I thought I was just about as motivated as any scientist could be to crack the enigma of eating disorders. That is, until I attended “At Home With Eating Disorders,” a conference for families and carers in Brisbane, Australia. I have attended FEAST conferences before in the U.S. and came away with a similar feeling which can best be summed up by the title of a commentary I recently wrote for IJED, namely that we have to paddle faster and harder to figure out causes and improve treatments for these pernicious disorders. (see http://onlinelibrary.wiley.com/doi/10.1002/eat.22119/abstract )
I think every scientist in the field should attend a carers’ conference. There is quite simply nothing more powerful than sitting in an auditorium packed with parents, partners, sufferers, and survivors to remind us why we do what we do. Every study we design, every paper we write, every hypothesis we generate and test has the potential to transform lives. What we do is not just an academic exercise. It is not just about promotions, impact factor, publish or perish . . . it is about improving lives.

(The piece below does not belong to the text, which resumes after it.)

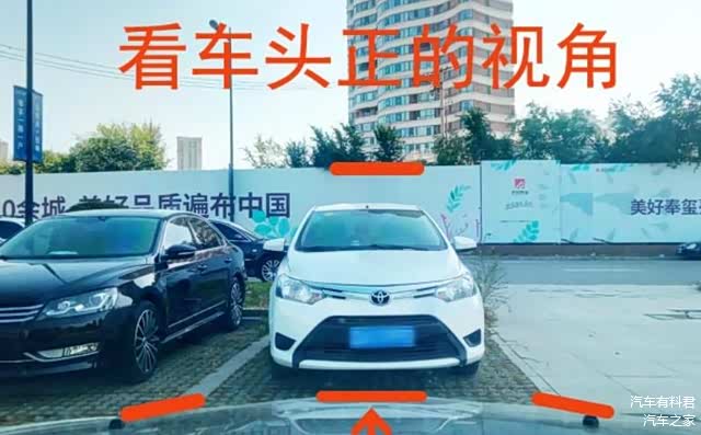还有一种方法,就是看前方车头与远处直线的平行关系。这里要注意,视角要从车头中间出发,往远处看参照物。这样才能准确判断。如果你用车头两边去观察,就会误判车是歪的。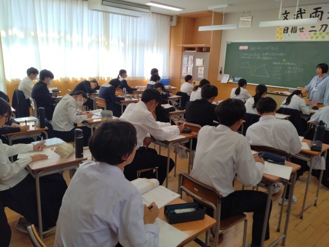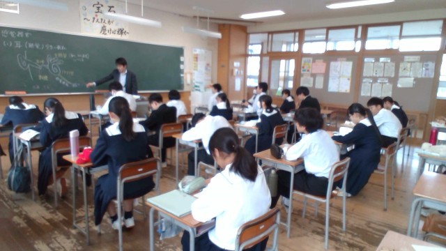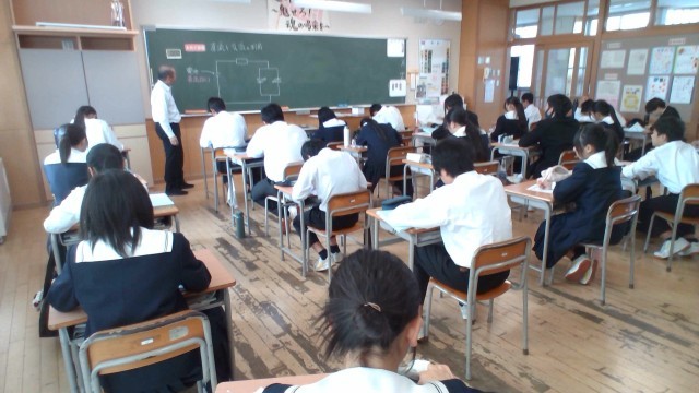 いよいよ来週は第2学期期末考査。3年生にとっては、大事な大事なテストです。どのような様子で授業に臨んでいるのか、2時間目におじゃましました(写真は右から1、2、3組)。

Several things struck me at the Brisbane conference. As I looked around the room and talked with parents, survivors, and sufferers it was again resoundingly clear that there is not just one stereotypical family type that is struck by eating disorders. Families from all socioeconomic levels, all regions, all races, and all sorts of parental personalities can be struck by eating disorders. I challenge any scientist to find a single feature that typifies all afflicted families! It just doesn’t exist. Families are desperate for help. Maybe it was a mother who lived three hours from the nearest specialist service who gave me a glimpse into how challenging it is to cobble together a treatment team in far rural areas and how important it is to have a GP who can do his or her best under the circumstances. Maybe it was the virtual mountain of questions submitted to the Meet the Experts panel, most of which we never had time to answer, all of which deserved more time and attention than we were able to give. Maybe it was the unprecedented number of parents talking about dealing with siblings who had eating disorders and listening to the herculean efforts they needed to undertake to deal with two children with eating disorders either sequentially or simultaneously. Maybe it was all of the emotion in the room, the tears, the pleas for services, the determination of the parents to make things right for their children and from partners to help their loved ones. Most likely it was all of these factors that once again rejuvenated my passion for eating disorders research.
Being the parent or partner of someone with an eating disorder can be a frighteningly isolating experience. At Home With Eating Disorders showed that even if you do live in rural Australia, you are not alone. In fact, virtual communities like FEAST’s Around the Dinner Table Forum http://www.aroundthedinnertable.org which is a moderated online forum for parents and caregivers of eating disorder patients, allow parents to post their questions and join conversations about the challenges of dealing with an eating disorder in the family.
Kudos to the organizing committee and The Butterfly Foundation, FEAST, Eating Disorders Outreach Service (EDOS) and Australia and New Zealand Academy for Eating Disorders (ANZAED) and special thanks Jeremy Freeman for allowing me to bring UCAN to Brisbane, and to June Alexander, survivor and advocate, for inspiring so many people around the world.